• **EXERCISE INSTRUCTIONS**: Once the pictures are set aside, reproduce the entries below exactly.

• **DATA EXCERPTS**:
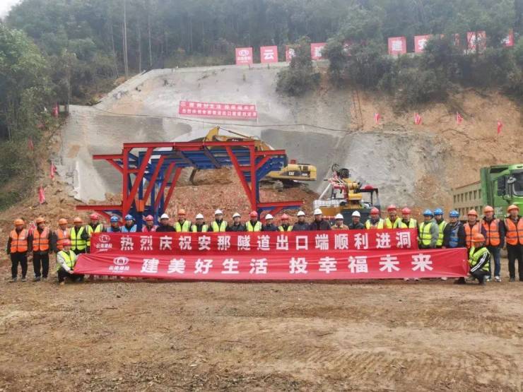 近日,西林至广南高速(云南段)安那隧道出口右幅顺利进洞。安那隧道是西林至广南高速控制性工程,为分离式隧道,左幅全长3155米,最大埋深278.29米;右幅全长3157米,最大埋深275.54米。
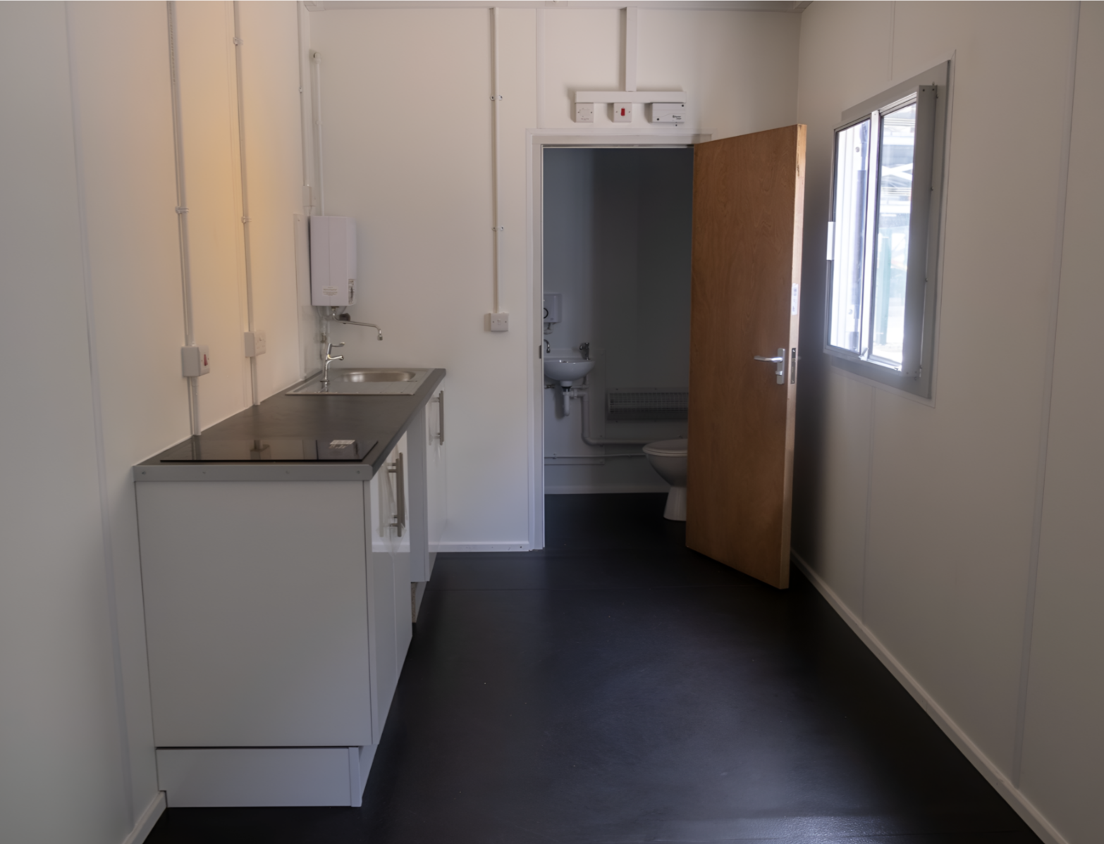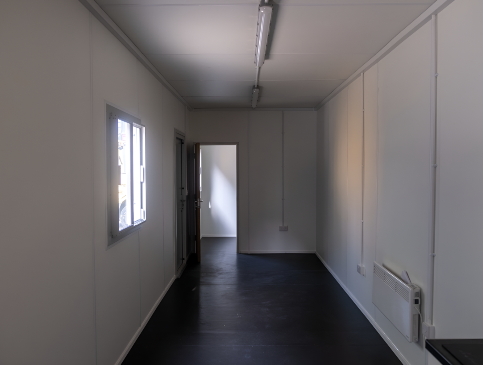 L’unité de bureau de 40 pieds offre un espace intérieur spacieux et flexible pour les entreprises ou les particuliers recherchant des locaux de bureaux supplémentaires. Converti à partir d’un conteneur d’expédition de 40 pieds high cube, un personnel en acier est installé et trois fenêtres à volets anti-vandalisme sont installées à l’extérieur, permettant une ventilation et un éclairage naturels abondants de l’extérieur.
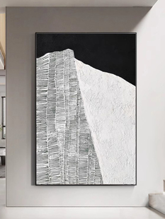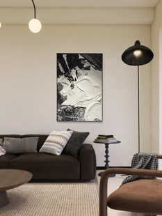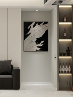 手绘肌理抽象油画客厅玄关餐厅背景墙面装 饰画高级黑白灰沙滩壁画
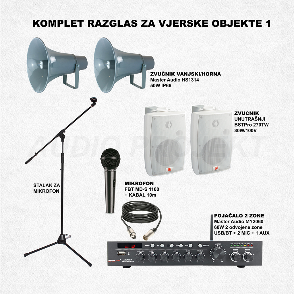 Kompletno rješenje razglasa za manji vjerski objekat. Set uključuje:
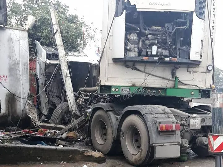 Cú va chạm mạnh khiến đầu xe khách hư hỏng nặng, đầu xe đầu kéo container cũng hỏng. Anh Phạm Văn Tú (23 tuổi, trú xã Cẩm Trung, huyện Cẩm Xuyên, Hà Tĩnh) - phụ xe khách bị tử vong tại chỗ. Tài xế xe containẻ là anh Nguyễn Hồng Kiều (33 tuổi, trú tỉnh Bình Định) và anh Hòa đều bị thương rất nặng, được đưa đi bệnh viện cấp cứu.
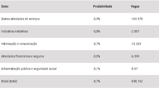 Nos três setores, a perda de produtividade seria de 1,3%, o que acarretaria no fechamento de 1,6% dos postos de trabalho
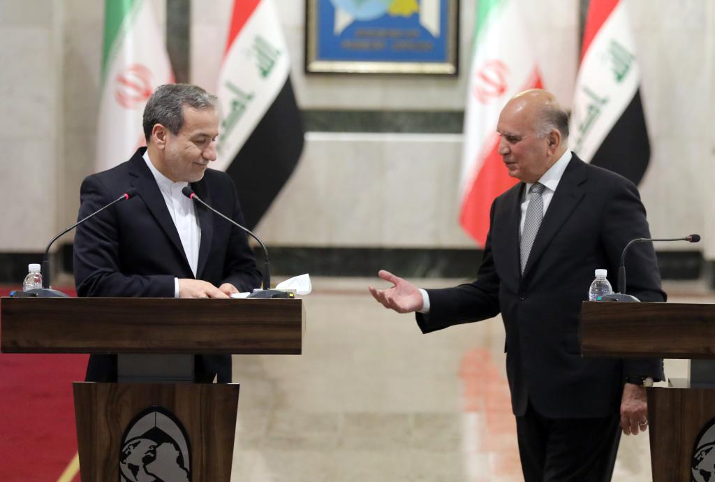 10月13日,伊拉克外長(zhǎng)侯賽因(右)同到訪的伊朗外長(zhǎng)阿拉格齊在首都巴格達(dá)舉行會(huì)談后參加聯(lián)合記者會(huì)。新華社發(fā)(哈利勒·達(dá)伍德攝)
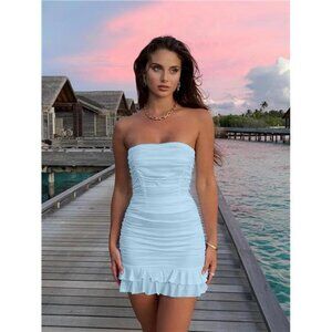 Women's Sexy Tube Top Bodycon Mini Dress Blue
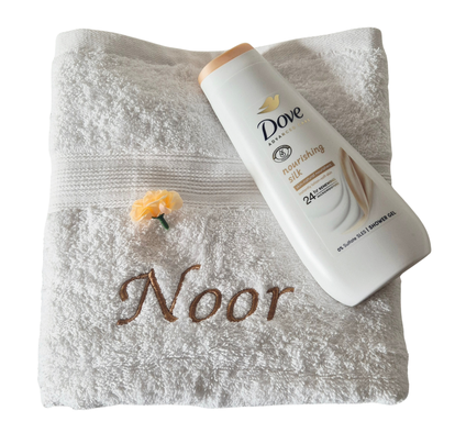 Geef je badkamer een persoonlijke touch of verras iemand met een uniek cadeau! Onze luxe witte handdoek is gemaakt van 100% zacht katoen en wordt professioneel geborduurd met een naam naar keuze. Ideaal voor dagelijks gebruik, sport, sauna of als persoonlijk geschenk bij een bruiloft, verjaardag of geboorte.
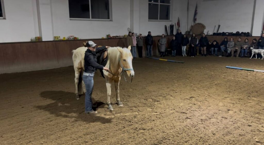 Bene Zsófia western stílusú lovasedző a korrekciós lovaglás módszereit és a rossz szokások gyakorlati javítását mutatta be.
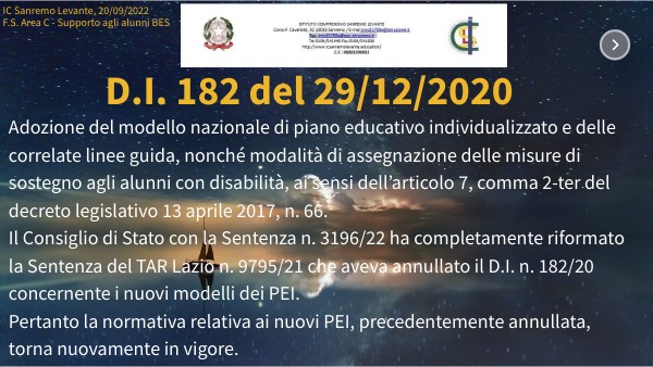 IC Sanremo Levante, 20/09/2022F.S. Area C - Supporto agli alunni BES
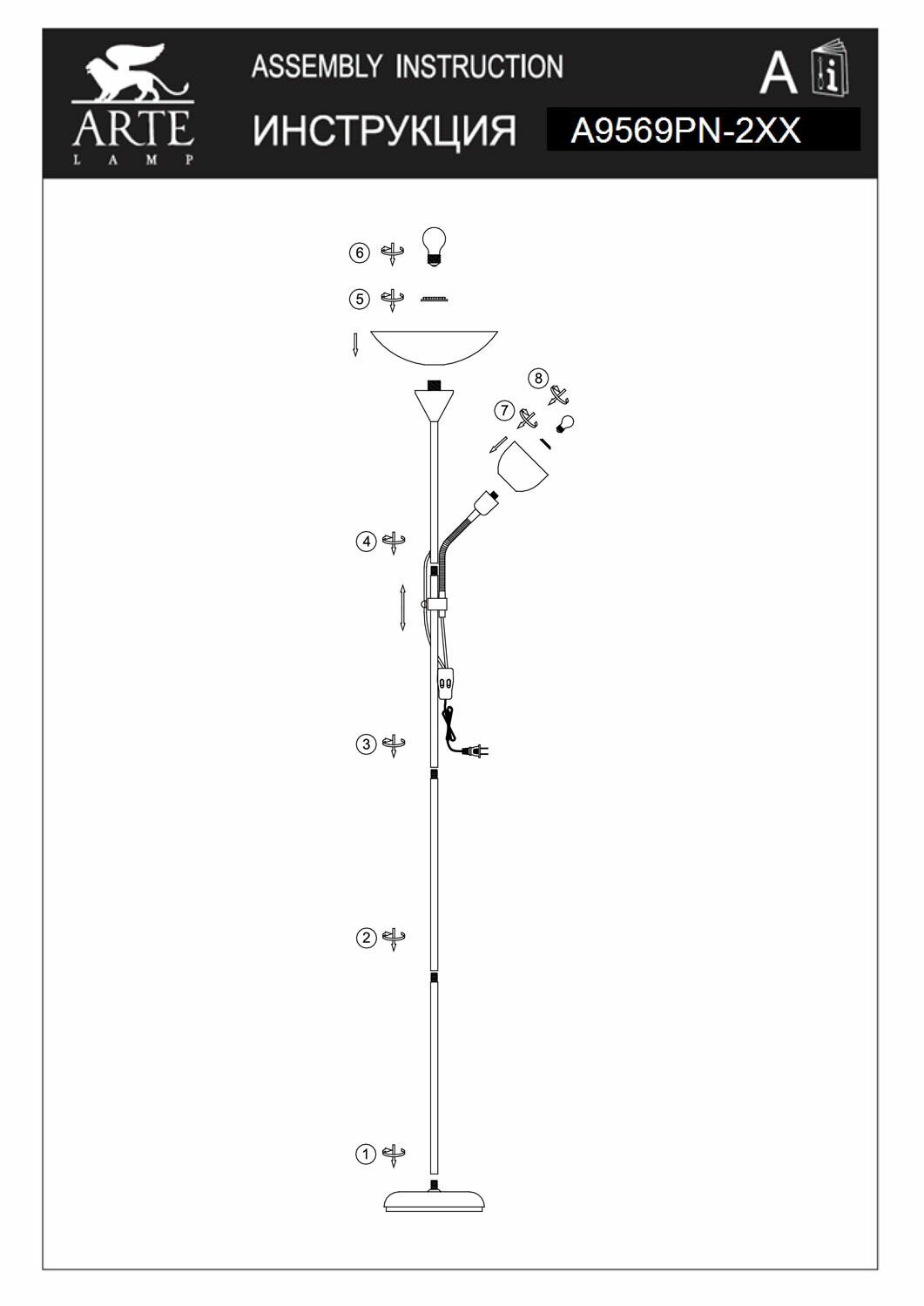 Торшер Arte Lamp DUETTO A9569PN-2AB
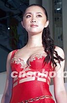 著名内衣品牌欧迪芬,日前在北京推出2001夏内衣新款,其中富有特色的 “中国红”内衣系列受到宾客赞许。图为模特展示“中国红”内衣新款。中新社记者 钱兴强 摄
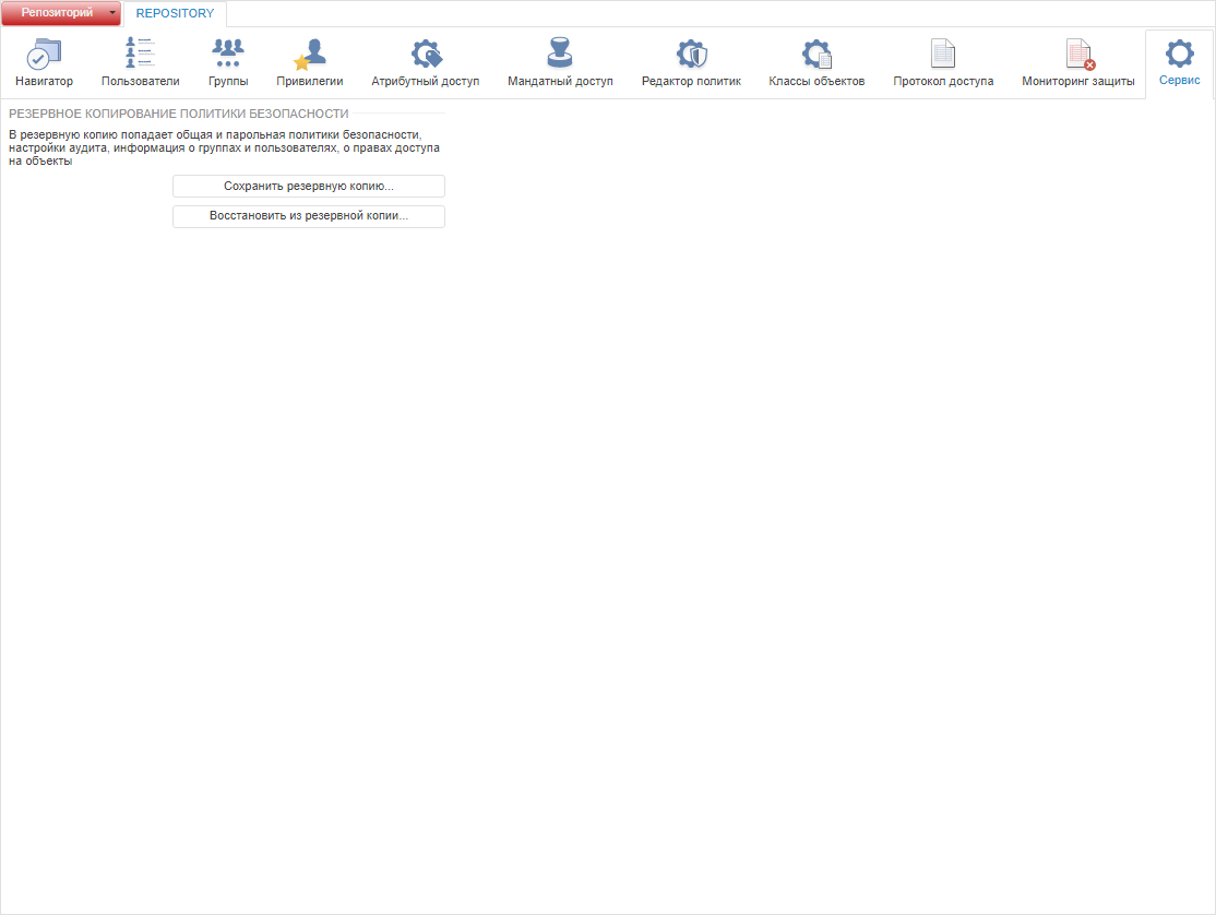 В группе «Резервное копирование политики безопасности» осуществляется работа с резервными копиями политики безопасности. В резервную копию попадает политика безопасности, настройки аудита, информация о группах и пользователях, о правах доступа на объекты. Операции по копированию и восстановлению политики безопасности протоколируются.
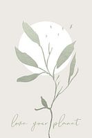 Moderne minimalistische graphics met een milieubewust, duurzaam statement. LOVE YOUR PLANET. HOU VAN JE PLANEET.
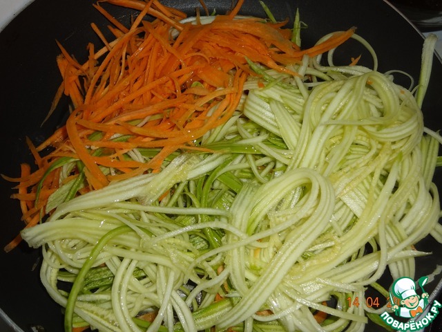 Первым делом займемся овощами. Морковь и кабачок потрем на терке, чтобы получились красивые длинные полосочки. Отправляем овощи на сковородку, и добавляем небольшое количество растительного масла ( можно оливковое - у меня закончилось поэтому обходилась тем что было) Долго не держите, каша нам не нужна - примерно 2 минуты

• **COMPLETED EXERCISE**:
 近日,西林至广南高速(云南段)安那隧道出口右幅顺利进洞。安那隧道是西林至广南高速控制性工程,为分离式隧道,左幅全长3155米,最大埋深278.29米;右幅全长3157米,最大埋深275.54米。
 L’unité de bureau de 40 pieds offre un espace intérieur spacieux et flexible pour les entreprises ou les particuliers recherchant des locaux de bureaux supplémentaires. Converti à partir d’un conteneur d’expédition de 40 pieds high cube, un personnel en acier est installé et trois fenêtres à volets anti-vandalisme sont installées à l’extérieur, permettant une ventilation et un éclairage naturels abondants de l’extérieur.
 手绘肌理抽象油画客厅玄关餐厅背景墙面装 饰画高级黑白灰沙滩壁画
 Kompletno rješenje razglasa za manji vjerski objekat. Set uključuje:
 Cú va chạm mạnh khiến đầu xe khách hư hỏng nặng, đầu xe đầu kéo container cũng hỏng. Anh Phạm Văn Tú (23 tuổi, trú xã Cẩm Trung, huyện Cẩm Xuyên, Hà Tĩnh) - phụ xe khách bị tử vong tại chỗ. Tài xế xe containẻ là anh Nguyễn Hồng Kiều (33 tuổi, trú tỉnh Bình Định) và anh Hòa đều bị thương rất nặng, được đưa đi bệnh viện cấp cứu.
 Nos três setores, a perda de produtividade seria de 1,3%, o que acarretaria no fechamento de 1,6% dos postos de trabalho
 10月13日,伊拉克外長(zhǎng)侯賽因(右)同到訪的伊朗外長(zhǎng)阿拉格齊在首都巴格達(dá)舉行會(huì)談后參加聯(lián)合記者會(huì)。新華社發(fā)(哈利勒·達(dá)伍德攝)
 Women's Sexy Tube Top Bodycon Mini Dress Blue
 Geef je badkamer een persoonlijke touch of verras iemand met een uniek cadeau! Onze luxe witte handdoek is gemaakt van 100% zacht katoen en wordt professioneel geborduurd met een naam naar keuze. Ideaal voor dagelijks gebruik, sport, sauna of als persoonlijk geschenk bij een bruiloft, verjaardag of geboorte.
 Bene Zsófia western stílusú lovasedző a korrekciós lovaglás módszereit és a rossz szokások gyakorlati javítását mutatta be.
 IC Sanremo Levante, 20/09/2022F.S. Area C - Supporto agli alunni BES
 Торшер Arte Lamp DUETTO A9569PN-2AB
 著名内衣品牌欧迪芬,日前在北京推出2001夏内衣新款,其中富有特色的 “中国红”内衣系列受到宾客赞许。图为模特展示“中国红”内衣新款。中新社记者 钱兴强 摄
 В группе «Резервное копирование политики безопасности» осуществляется работа с резервными копиями политики безопасности. В резервную копию попадает политика безопасности, настройки аудита, информация о группах и пользователях, о правах доступа на объекты. Операции по копированию и восстановлению политики безопасности протоколируются.
 Moderne minimalistische graphics met een milieubewust, duurzaam statement. LOVE YOUR PLANET. HOU VAN JE PLANEET.
 Первым делом займемся овощами. Морковь и кабачок потрем на терке, чтобы получились красивые длинные полосочки. Отправляем овощи на сковородку, и добавляем небольшое количество растительного масла ( можно оливковое - у меня закончилось поэтому обходилась тем что было) Долго не держите, каша нам не нужна - примерно 2 минуты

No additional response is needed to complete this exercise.